## WORK REQUIRED
Print exactly the lines below between the line holding "Czapka Morion 6" and the line holding "să te întinzi", inclusive, and nothing more.

━━━ DATA UNDER STUDY ━━━

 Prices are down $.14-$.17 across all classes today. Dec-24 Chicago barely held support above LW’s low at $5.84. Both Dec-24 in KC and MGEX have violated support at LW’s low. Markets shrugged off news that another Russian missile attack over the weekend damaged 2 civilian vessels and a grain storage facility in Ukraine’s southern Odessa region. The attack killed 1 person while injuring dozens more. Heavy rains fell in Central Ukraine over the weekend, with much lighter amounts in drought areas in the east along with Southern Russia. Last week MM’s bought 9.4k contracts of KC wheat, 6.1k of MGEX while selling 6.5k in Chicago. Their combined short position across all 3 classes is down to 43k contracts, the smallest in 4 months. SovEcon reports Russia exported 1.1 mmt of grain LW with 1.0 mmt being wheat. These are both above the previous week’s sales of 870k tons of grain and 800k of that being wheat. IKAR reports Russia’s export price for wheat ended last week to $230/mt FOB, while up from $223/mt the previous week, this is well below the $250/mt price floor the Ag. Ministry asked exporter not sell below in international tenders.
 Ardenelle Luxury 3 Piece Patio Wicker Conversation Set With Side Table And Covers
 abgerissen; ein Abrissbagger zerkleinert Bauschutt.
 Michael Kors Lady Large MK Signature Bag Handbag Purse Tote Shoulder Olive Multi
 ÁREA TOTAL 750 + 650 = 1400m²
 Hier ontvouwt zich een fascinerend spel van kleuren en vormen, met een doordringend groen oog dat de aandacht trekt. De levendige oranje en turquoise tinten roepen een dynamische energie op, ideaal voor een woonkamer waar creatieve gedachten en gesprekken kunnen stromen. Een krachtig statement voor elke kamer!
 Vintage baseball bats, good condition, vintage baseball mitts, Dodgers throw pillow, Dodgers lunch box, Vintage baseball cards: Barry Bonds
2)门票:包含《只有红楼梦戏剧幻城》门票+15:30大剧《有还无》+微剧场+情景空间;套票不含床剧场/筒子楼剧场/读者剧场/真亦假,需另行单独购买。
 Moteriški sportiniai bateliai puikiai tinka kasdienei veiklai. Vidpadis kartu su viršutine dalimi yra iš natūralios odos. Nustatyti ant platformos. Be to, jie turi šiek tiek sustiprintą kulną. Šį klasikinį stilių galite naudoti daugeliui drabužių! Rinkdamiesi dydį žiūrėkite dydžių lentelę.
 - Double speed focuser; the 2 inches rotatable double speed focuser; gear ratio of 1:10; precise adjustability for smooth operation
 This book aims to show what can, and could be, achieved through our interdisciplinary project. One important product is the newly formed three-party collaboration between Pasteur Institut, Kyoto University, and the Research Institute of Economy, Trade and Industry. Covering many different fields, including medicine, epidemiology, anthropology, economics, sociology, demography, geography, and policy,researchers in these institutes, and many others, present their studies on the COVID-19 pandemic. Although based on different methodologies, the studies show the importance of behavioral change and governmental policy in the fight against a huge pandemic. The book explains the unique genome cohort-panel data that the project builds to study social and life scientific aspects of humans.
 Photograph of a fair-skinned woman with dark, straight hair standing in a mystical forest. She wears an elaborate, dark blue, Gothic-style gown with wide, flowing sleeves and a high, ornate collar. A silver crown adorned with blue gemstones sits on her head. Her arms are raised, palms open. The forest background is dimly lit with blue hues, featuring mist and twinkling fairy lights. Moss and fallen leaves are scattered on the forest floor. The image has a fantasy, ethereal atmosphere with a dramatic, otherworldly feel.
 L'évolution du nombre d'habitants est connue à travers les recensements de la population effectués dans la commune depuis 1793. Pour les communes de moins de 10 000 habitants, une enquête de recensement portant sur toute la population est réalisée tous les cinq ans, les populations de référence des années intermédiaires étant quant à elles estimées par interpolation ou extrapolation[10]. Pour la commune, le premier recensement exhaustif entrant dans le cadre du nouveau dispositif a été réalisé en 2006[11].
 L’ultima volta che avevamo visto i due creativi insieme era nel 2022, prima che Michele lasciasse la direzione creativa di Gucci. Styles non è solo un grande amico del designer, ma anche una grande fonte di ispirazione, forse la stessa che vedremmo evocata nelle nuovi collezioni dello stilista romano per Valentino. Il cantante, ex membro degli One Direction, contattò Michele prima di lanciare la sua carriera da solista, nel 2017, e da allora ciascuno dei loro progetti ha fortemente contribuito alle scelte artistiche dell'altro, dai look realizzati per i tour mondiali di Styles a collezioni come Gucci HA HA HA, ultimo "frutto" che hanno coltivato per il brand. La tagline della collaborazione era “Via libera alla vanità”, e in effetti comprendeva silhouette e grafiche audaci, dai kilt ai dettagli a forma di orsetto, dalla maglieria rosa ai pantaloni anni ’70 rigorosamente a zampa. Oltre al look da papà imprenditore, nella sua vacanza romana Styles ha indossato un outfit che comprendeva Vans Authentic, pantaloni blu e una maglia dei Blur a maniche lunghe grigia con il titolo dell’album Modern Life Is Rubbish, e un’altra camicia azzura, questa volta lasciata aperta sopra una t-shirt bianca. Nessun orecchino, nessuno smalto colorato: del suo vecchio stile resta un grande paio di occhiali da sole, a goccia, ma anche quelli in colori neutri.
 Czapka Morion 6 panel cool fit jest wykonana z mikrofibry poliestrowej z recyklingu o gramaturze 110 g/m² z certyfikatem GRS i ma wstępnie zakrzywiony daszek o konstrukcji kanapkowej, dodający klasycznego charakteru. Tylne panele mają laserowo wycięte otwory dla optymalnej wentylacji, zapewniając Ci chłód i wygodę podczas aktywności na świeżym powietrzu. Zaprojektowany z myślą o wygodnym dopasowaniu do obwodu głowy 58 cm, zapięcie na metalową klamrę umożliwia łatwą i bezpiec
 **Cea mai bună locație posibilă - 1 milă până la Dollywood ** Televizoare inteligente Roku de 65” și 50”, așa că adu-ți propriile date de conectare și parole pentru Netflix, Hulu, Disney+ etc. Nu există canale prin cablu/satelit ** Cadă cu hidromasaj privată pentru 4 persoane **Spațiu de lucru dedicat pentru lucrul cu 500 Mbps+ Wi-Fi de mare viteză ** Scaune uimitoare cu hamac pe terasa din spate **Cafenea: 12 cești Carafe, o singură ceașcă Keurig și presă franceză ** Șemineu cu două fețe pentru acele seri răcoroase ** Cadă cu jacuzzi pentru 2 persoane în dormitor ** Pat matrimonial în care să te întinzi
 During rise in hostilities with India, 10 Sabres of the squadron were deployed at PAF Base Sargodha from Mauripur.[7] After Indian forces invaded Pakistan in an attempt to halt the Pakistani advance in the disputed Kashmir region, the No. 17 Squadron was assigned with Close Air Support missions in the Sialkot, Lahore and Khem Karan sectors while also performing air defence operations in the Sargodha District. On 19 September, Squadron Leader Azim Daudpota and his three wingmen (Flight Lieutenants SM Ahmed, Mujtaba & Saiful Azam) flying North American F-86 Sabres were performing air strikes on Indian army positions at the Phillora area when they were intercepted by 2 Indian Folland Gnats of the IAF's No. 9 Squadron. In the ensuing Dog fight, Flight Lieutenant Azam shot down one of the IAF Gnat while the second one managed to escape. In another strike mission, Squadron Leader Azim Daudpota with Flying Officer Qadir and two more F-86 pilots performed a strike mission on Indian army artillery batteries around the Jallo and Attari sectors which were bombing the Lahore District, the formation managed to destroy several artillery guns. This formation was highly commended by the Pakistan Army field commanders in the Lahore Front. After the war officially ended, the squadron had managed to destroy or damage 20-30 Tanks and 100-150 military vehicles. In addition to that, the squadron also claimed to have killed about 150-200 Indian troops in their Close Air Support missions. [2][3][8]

━━━

## WRITTEN REPLY
 Czapka Morion 6 panel cool fit jest wykonana z mikrofibry poliestrowej z recyklingu o gramaturze 110 g/m² z certyfikatem GRS i ma wstępnie zakrzywiony daszek o konstrukcji kanapkowej, dodający klasycznego charakteru. Tylne panele mają laserowo wycięte otwory dla optymalnej wentylacji, zapewniając Ci chłód i wygodę podczas aktywności na świeżym powietrzu. Zaprojektowany z myślą o wygodnym dopasowaniu do obwodu głowy 58 cm, zapięcie na metalową klamrę umożliwia łatwą i bezpiec
 **Cea mai bună locație posibilă - 1 milă până la Dollywood ** Televizoare inteligente Roku de 65” și 50”, așa că adu-ți propriile date de conectare și parole pentru Netflix, Hulu, Disney+ etc. Nu există canale prin cablu/satelit ** Cadă cu hidromasaj privată pentru 4 persoane **Spațiu de lucru dedicat pentru lucrul cu 500 Mbps+ Wi-Fi de mare viteză ** Scaune uimitoare cu hamac pe terasa din spate **Cafenea: 12 cești Carafe, o singură ceașcă Keurig și presă franceză ** Șemineu cu două fețe pentru acele seri răcoroase ** Cadă cu jacuzzi pentru 2 persoane în dormitor ** Pat matrimonial în care să te întinzi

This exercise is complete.